◆ PROBLEM TO WORK ON
Where a record holds a picture, leave the picture out; otherwise repeat every record exactly.

───── DATA FOR THIS EXERCISE ─────

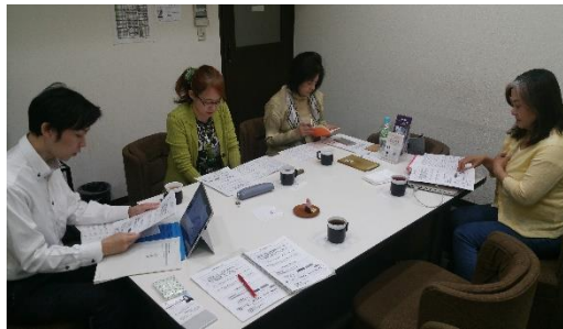
フードバンク団体への基盤強化支援 (第2回目団体訪問)
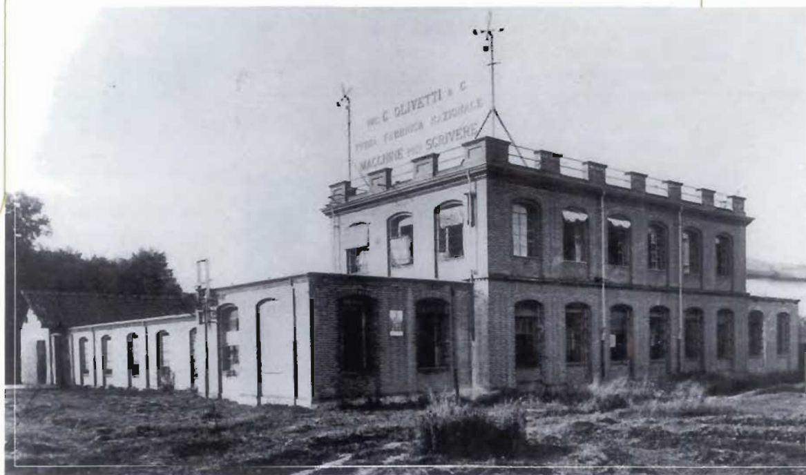
Lo stabilimento realizzato nel 1908 dalla Olivetti a Ivrea.

F in dai primi anni Venti, la crescita dei volumi produttivi determinata dalla domanda bellica aveva posto le imprese di fronte alla necessità di ampliare e migliorare la propria attrezzatura tecnica, perseguendo l'obiettivo di una maggiore efficienza produttiva attraverso una miglior organizzazione del lavoro nei diversi reparti. In tutte le maggiori imprese del comparto meccanico, e in quelle dell'automobile in particolare, furono sperimentati nuovi metodi di produzione di matrice americana, con uno sforzo costante in direzione della standardizzazione dei prodotti e dei loro componenti, e l'adozione di lavorazioni in linea. Una sfida alla quale la Fiat aveva risposto con la costruzione del modernissimo stabilimento del Lingotto, che fin nelle forme esterne e nell'impianto volumetrico aveva voluto essere un manifesto della modernità. Naturalmente l'adozione di nuovi moduli organizzativi aveva impegnato le imprese in un complesso lavoro di scomposizione e riorganizzazione dei vecchi metodi di lavoro, che mirava a ridurre i margini di autonomia di cui godevano i singoli capi-reparto a favore di una gestione accentrata dei processi produttivi, affidata a specialisti raccordati all'ufficio tempi e metodi, divenuto cuore dell'organizzazione aziendale.
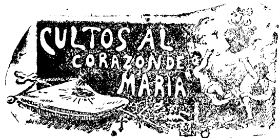
La fiesta del Corazón de María en Basile.

Claro que debe cuidarse mucho que las cosechas no se extiendan demasiado con perjuicio del cafeto, y es regla ordinaria suspenderlas desde el segundo año.
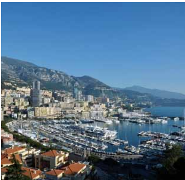
Le port de la Principauté est de plus en plus attractif, la digue Rainier III a ainsi accueilli 97 759 croisiéristes cet été, soit une hausse de 33% par rapport à 2014.
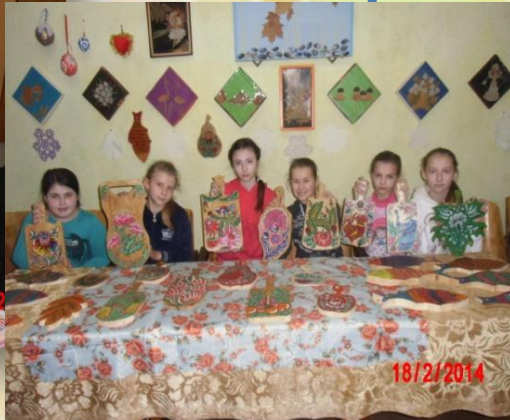
Робота дитячого об'єднання
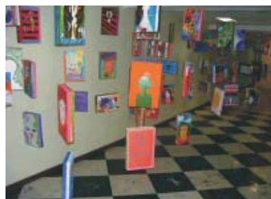
A instalação da 6ª Série "Através do Espelho"
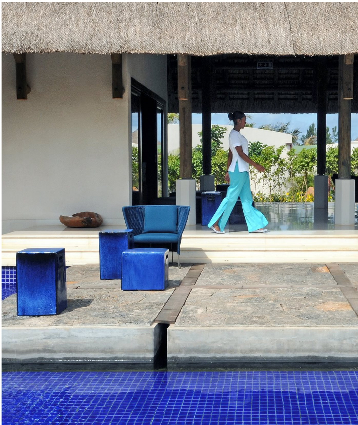
Sofitel So Mauritius - Bel Ombre - Mauritius
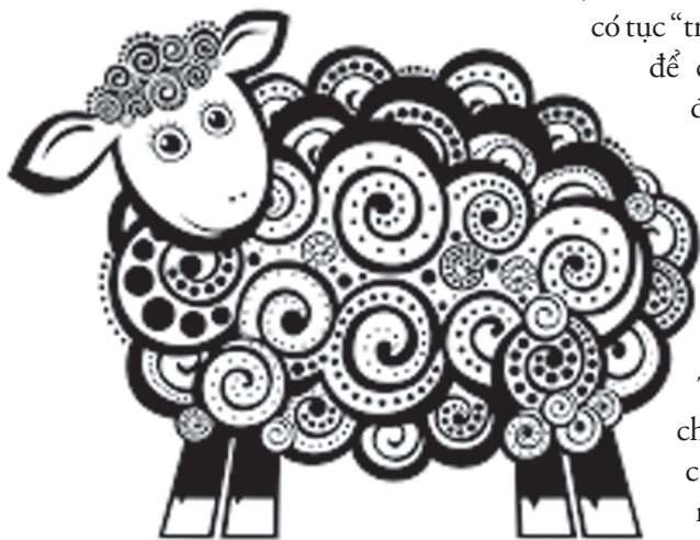
Biểu tượng cừu năm Mùi 2015 trong văn hóa Đông Bắc Á

Từ “duang” để chỉ dê (cừu) trong văn hóa Á Đông đồng âm với từ “duang” trong triết lý âm dương, vì vậy người Trung Hoa vùng Hebei có tục “tống duang”, xưa thường là ông ngoại hay cậu tặng cháu trai con cừu sống, sau chuyển thành tặng thiệp hình cừu. Tục này được gắn với tích Nhi Lang Thần Dương Tiễn trao tặng cháu trai Trầm Hương một cặp cừu để kết nối tình cảm (vì trước đây Dương Tiễn đã quyết tâm trừng phạt chị gái là mẹ Trầm Hương trong tích Bảo Liên Đãng ). “Tặng cừu/tống duang” mang hàm ý trao tặng duang khí , trao tặng sự may mắn, thịnh vượng .
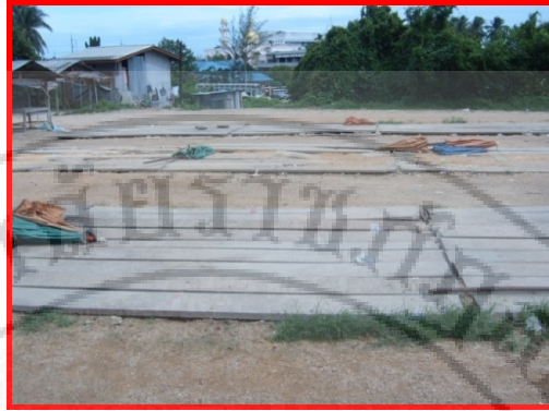
ภาพที่ 4.2 แสงดินที่ได้ก่อสร้างเป็นจุดแรก

จากการที่เริ่มมีการขยายตลาดนัดเกาะหมีนั้น เพราะจำนวนผู้ซื้อภายในตลาดเพิ่มขึ้นอย่างรวดเร็ว อันเนื่องมาจากการปรับปรุงเส้นทางการคมนาคมในหมู่บ้านเป็นถนนลาดยางและเริ่มมีการขยายถนนในหมู่บ้าน จึงทำให้การสัญจรไปมาของคนในชุมชน และพื้นที่ใกล้เคียงมีการเดินทางที่สะดวกขึ้น และราคาของสินค้าก็มีลักษณะที่ไม่แพง จนเกินไปเมื่อเปรียบเทียบกับตลาดที่อยู่ใกล้เคียง และปริมาณของสินค้า เริ่มมีความหลากหลาย เป็นที่ต้องการของกลุ่มผู้ซื้อสินค้าในตลาด
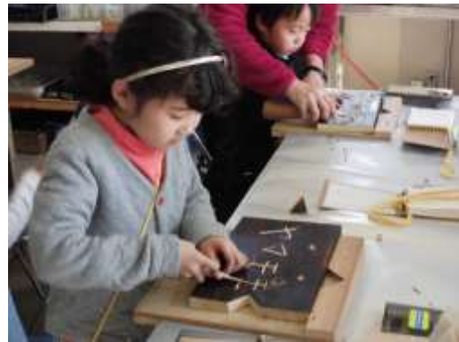
樹木名プレートづくりの様子
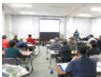
▲昨年のセミナーの様子
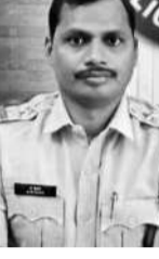
జఫర్ గడ్డ పోలీస్ స్టేషన్లో

జఫర్ గడ్డ, జూలై 22 : జఫర్ గడ్డ ఎస్పి రవిని సస్పెండ్ చేస్తూ వరంగల్ పోలీస్ కమిషనర్ అబద్ధ కిశోర్ రూ సోమవారం రాత్రి ఉత్తర్వులు జారీ చేశారు. వివరాల్లోకి వెళ్తే.. జఫర్ గడ్డ పోలీస్ స్టేషన్లో గత యేడాది సమాధైన ఓ కేసులో ఎస్పి రవి అలసత్వంగా వ్యవహరించడంతో పాటు కేసు విచారణలో పోలీస్ ఉన్నతాధికారులు తప్పుదోవ పట్టారంటూ.. బాధితు లకు న్యాయం చేయడంకు నిందితులకు సహకరిస్తూ తప్పుడు పత్రాలను సృష్టించినట్లు ఫిర్యాదుల్లో వచ్చాయి. సీబీ ఆడిటోల మేరకు పోలీసు ఉన్నతాధికారులు విచారణ జరుపగా ఎస్పి రవి అప కతవకలకు మార్గదర్శిగా నిర్దేశించి, దీంతో రవిని సస్పెండ్ చేస్తూ పోలీస్ కమి షనర్ అబద్ధ కిశోర్ రూ క్రమశిక్షణ చర్యలు తీసుకున్నారు.
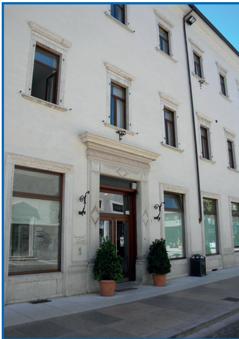
La sede del Servizio Attività sociali di via Alfieri, 6

─────

◆ RESPONSE FOR THIS EXERCISE
フードバンク団体への基盤強化支援 (第2回目団体訪問)
Lo stabilimento realizzato nel 1908 dalla Olivetti a Ivrea.

F in dai primi anni Venti, la crescita dei volumi produttivi determinata dalla domanda bellica aveva posto le imprese di fronte alla necessità di ampliare e migliorare la propria attrezzatura tecnica, perseguendo l'obiettivo di una maggiore efficienza produttiva attraverso una miglior organizzazione del lavoro nei diversi reparti. In tutte le maggiori imprese del comparto meccanico, e in quelle dell'automobile in particolare, furono sperimentati nuovi metodi di produzione di matrice americana, con uno sforzo costante in direzione della standardizzazione dei prodotti e dei loro componenti, e l'adozione di lavorazioni in linea. Una sfida alla quale la Fiat aveva risposto con la costruzione del modernissimo stabilimento del Lingotto, che fin nelle forme esterne e nell'impianto volumetrico aveva voluto essere un manifesto della modernità. Naturalmente l'adozione di nuovi moduli organizzativi aveva impegnato le imprese in un complesso lavoro di scomposizione e riorganizzazione dei vecchi metodi di lavoro, che mirava a ridurre i margini di autonomia di cui godevano i singoli capi-reparto a favore di una gestione accentrata dei processi produttivi, affidata a specialisti raccordati all'ufficio tempi e metodi, divenuto cuore dell'organizzazione aziendale.
La fiesta del Corazón de María en Basile.

Claro que debe cuidarse mucho que las cosechas no se extiendan demasiado con perjuicio del cafeto, y es regla ordinaria suspenderlas desde el segundo año.
Le port de la Principauté est de plus en plus attractif, la digue Rainier III a ainsi accueilli 97 759 croisiéristes cet été, soit une hausse de 33% par rapport à 2014.
Робота дитячого об'єднання
A instalação da 6ª Série "Através do Espelho"
Sofitel So Mauritius - Bel Ombre - Mauritius
Biểu tượng cừu năm Mùi 2015 trong văn hóa Đông Bắc Á

Từ “duang” để chỉ dê (cừu) trong văn hóa Á Đông đồng âm với từ “duang” trong triết lý âm dương, vì vậy người Trung Hoa vùng Hebei có tục “tống duang”, xưa thường là ông ngoại hay cậu tặng cháu trai con cừu sống, sau chuyển thành tặng thiệp hình cừu. Tục này được gắn với tích Nhi Lang Thần Dương Tiễn trao tặng cháu trai Trầm Hương một cặp cừu để kết nối tình cảm (vì trước đây Dương Tiễn đã quyết tâm trừng phạt chị gái là mẹ Trầm Hương trong tích Bảo Liên Đãng ). “Tặng cừu/tống duang” mang hàm ý trao tặng duang khí , trao tặng sự may mắn, thịnh vượng .
ภาพที่ 4.2 แสงดินที่ได้ก่อสร้างเป็นจุดแรก

จากการที่เริ่มมีการขยายตลาดนัดเกาะหมีนั้น เพราะจำนวนผู้ซื้อภายในตลาดเพิ่มขึ้นอย่างรวดเร็ว อันเนื่องมาจากการปรับปรุงเส้นทางการคมนาคมในหมู่บ้านเป็นถนนลาดยางและเริ่มมีการขยายถนนในหมู่บ้าน จึงทำให้การสัญจรไปมาของคนในชุมชน และพื้นที่ใกล้เคียงมีการเดินทางที่สะดวกขึ้น และราคาของสินค้าก็มีลักษณะที่ไม่แพง จนเกินไปเมื่อเปรียบเทียบกับตลาดที่อยู่ใกล้เคียง และปริมาณของสินค้า เริ่มมีความหลากหลาย เป็นที่ต้องการของกลุ่มผู้ซื้อสินค้าในตลาด
樹木名プレートづくりの様子
▲昨年のセミナーの様子
జఫర్ గడ్డ పోలీస్ స్టేషన్లో

జఫర్ గడ్డ, జూలై 22 : జఫర్ గడ్డ ఎస్పి రవిని సస్పెండ్ చేస్తూ వరంగల్ పోలీస్ కమిషనర్ అబద్ధ కిశోర్ రూ సోమవారం రాత్రి ఉత్తర్వులు జారీ చేశారు. వివరాల్లోకి వెళ్తే.. జఫర్ గడ్డ పోలీస్ స్టేషన్లో గత యేడాది సమాధైన ఓ కేసులో ఎస్పి రవి అలసత్వంగా వ్యవహరించడంతో పాటు కేసు విచారణలో పోలీస్ ఉన్నతాధికారులు తప్పుదోవ పట్టారంటూ.. బాధితు లకు న్యాయం చేయడంకు నిందితులకు సహకరిస్తూ తప్పుడు పత్రాలను సృష్టించినట్లు ఫిర్యాదుల్లో వచ్చాయి. సీబీ ఆడిటోల మేరకు పోలీసు ఉన్నతాధికారులు విచారణ జరుపగా ఎస్పి రవి అప కతవకలకు మార్గదర్శిగా నిర్దేశించి, దీంతో రవిని సస్పెండ్ చేస్తూ పోలీస్ కమి షనర్ అబద్ధ కిశోర్ రూ క్రమశిక్షణ చర్యలు తీసుకున్నారు.
La sede del Servizio Attività sociali di via Alfieri, 6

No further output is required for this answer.